Pasal 158 beleid tersebut mengatur bahwa setiap orang yang melakukan penambangan tanpa izin dipidana dengan pidana penjara paling lama lima tahun dan denda paling banyak Rp100 miliar rupiah.
Selanjutnya, Pasal 160 mengatur bahwa setiap orang yang mempunyai izin usaha pertambangan (IUP) atau izin usaha pertambangan khusus (IUPK) pada tahap kegiatan eksplorasi tetapi melakukan kegiatan operasi produksi dipidana dengan pidana penjara paling lama lima tahun dan denda paiing banyak Rp100 miliar.

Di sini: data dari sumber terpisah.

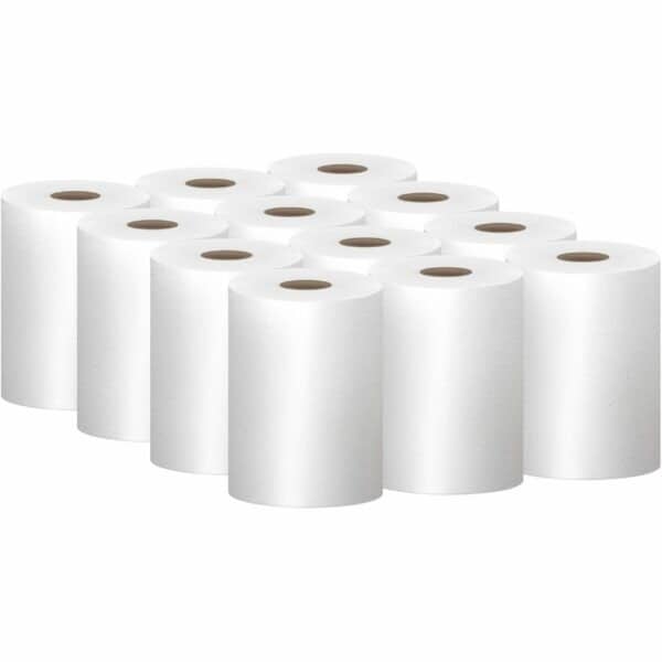 Издръжлива 2-слойна ролка за кърпи за ръце с бяла релефна текстура. Размер на листата 20ь2×20 см, дължина на ролката 47 м. Грамаж – 450 гр. С перфорация и отделяща сърцевина за удобство. Подходяща за използване с дозатори с централно издърпване. Всяка опаковка съдържа 12 ролки.
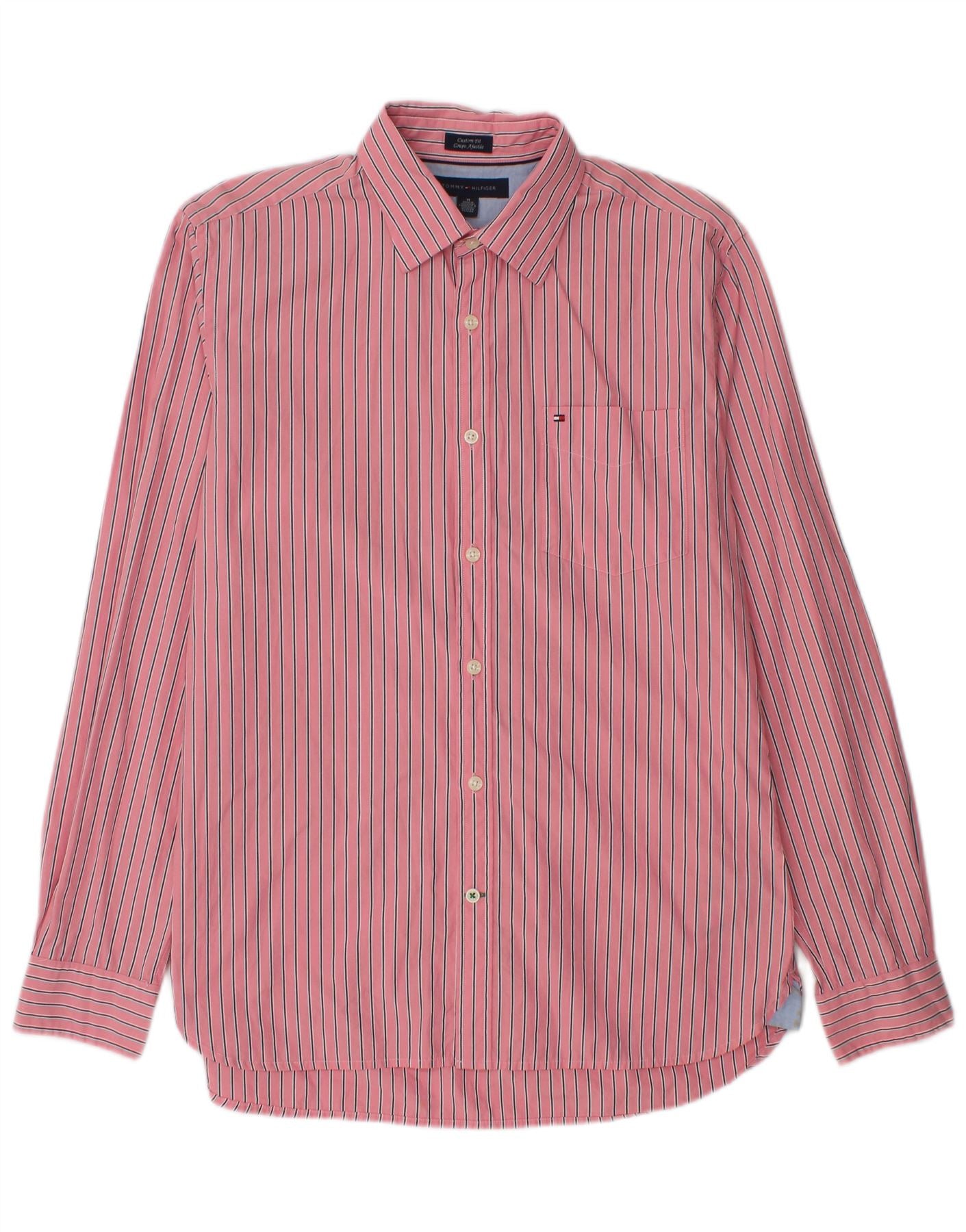 TOMMY HILFIGER Мужская рубашка-купе Ajustee Custom Fit средней длины в розовую полоску
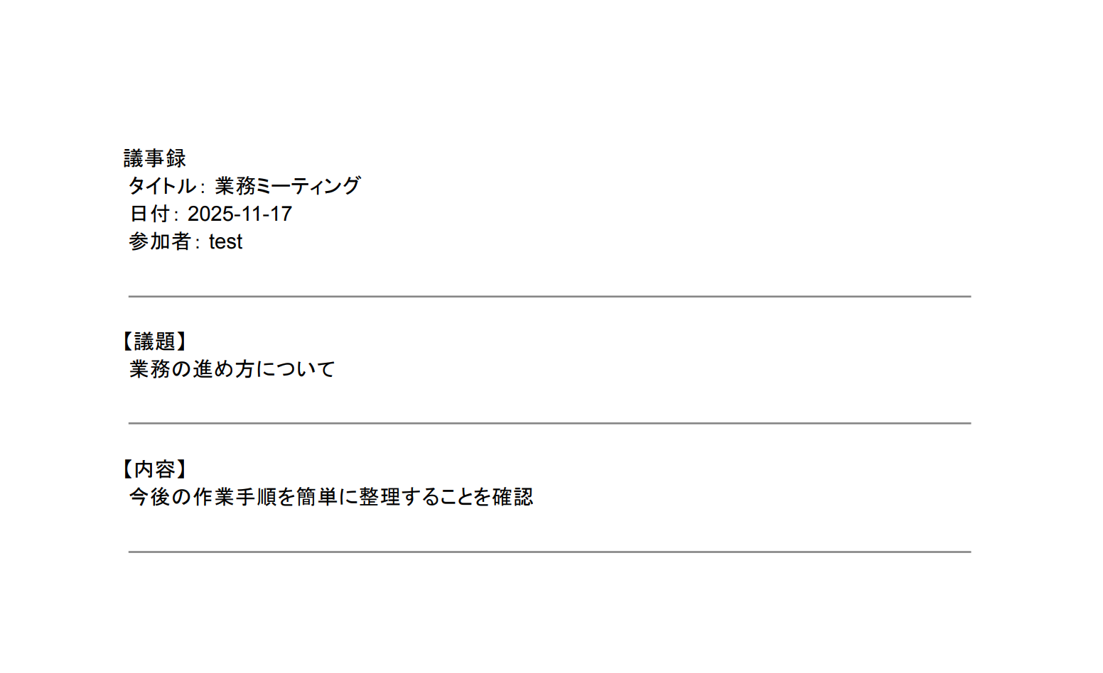 NotionとGoogleドキュメントで議事録を作成・管理している方 会議後の情報共有やドキュメント作成の効率化を検討している方 定型的なドキュメント作成業務を自動化し、コア業務に集中したい方 ■このテンプレートを使うメリット
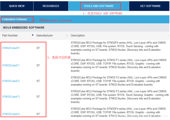【在网页中间偏下(如下图),点击“EMBEDDED SOFTWARE”切换到库软件,选择需要下载的库(看你芯片型号),同样也需要登陆账号】
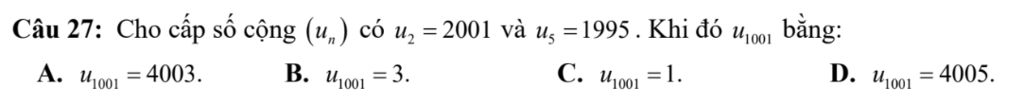 Câu 27: Cho cấp số cộng (`u_n`) có `u_2` =2001 và `u_5` =1995 . Khi đó to bằng:
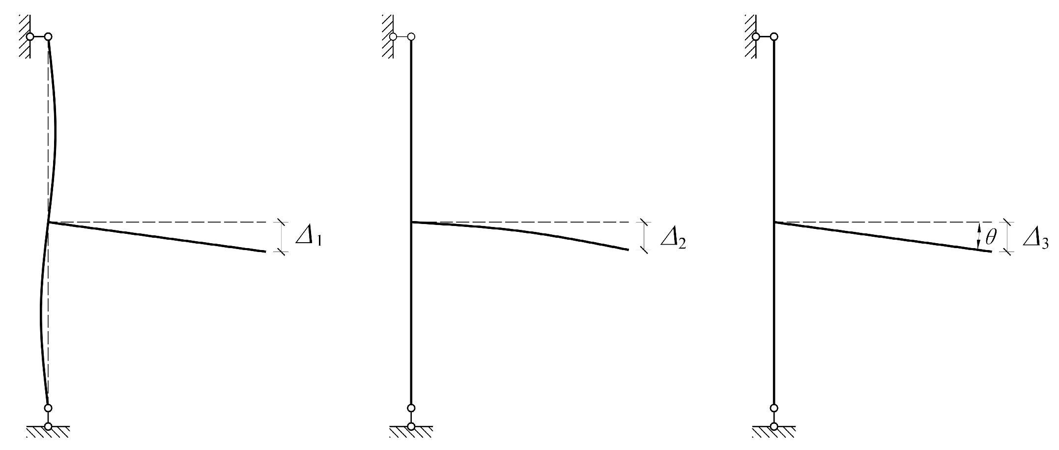 - Vertical displacement Δ3 at the beam end induced by the relative rotation between the beam and column under load P (Equation (3)):
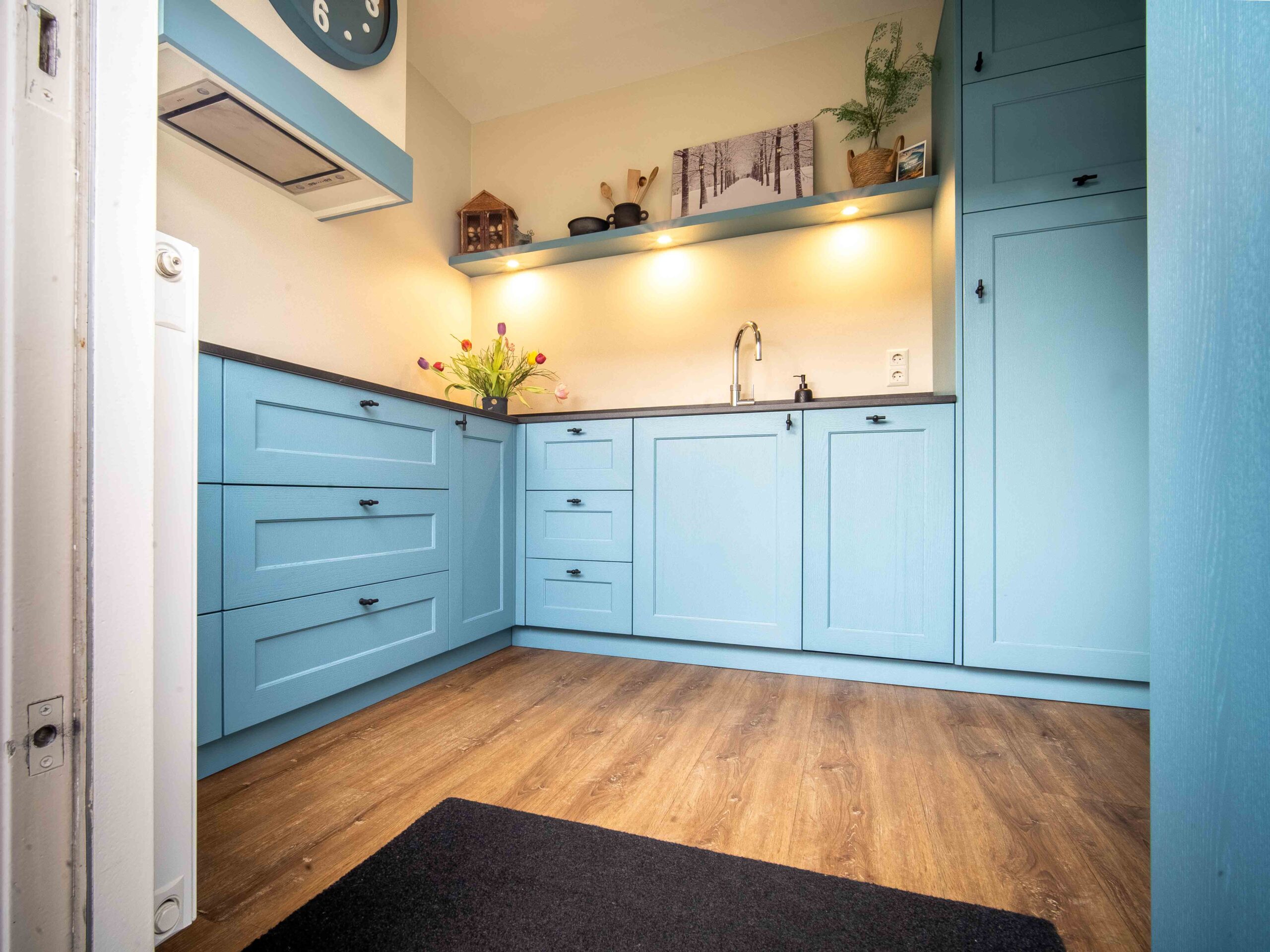 De keuken is op maat gemaakt, wat zorgt voor unieke details en een perfecte afstemming op de wensen van de klant. Zo heeft de klant bijvoorbeeld gekozen voor een 45 cm. vaatwasser, omdat zij met een klein huishouden zijn. In de hoek is een ‘Le Mans systeem’ gebruikt, dit is een geweldige keuze om de ruimte in de hoeken van de keuken optimaal te benutten! Dit draaimechanisme maakt het mogelijk om kasten in de hoeken volledig uit te trekken, zodat je gemakkelijker bij de achterste delen van de kast kunt. Het voorkomt dat je waardevolle opbergruimte achterin de kast moeilijk bereikbaar blijft.

Terakhir, Pasal 161 mengatur setiap orang yang menampung, memanfaatkan, melakukan pengolahan dan atau pemurnian, pengembangan dan/atau pemanfaatan, pengangkutan, penjualan mineral dan/atau batu bara yang tidak berasal dari pemegang IUP, IUPK, IPR, SIPB dipidana dengan pidana penjara paling lama lima tahun dan denda paling banyak Rp 100 miliar.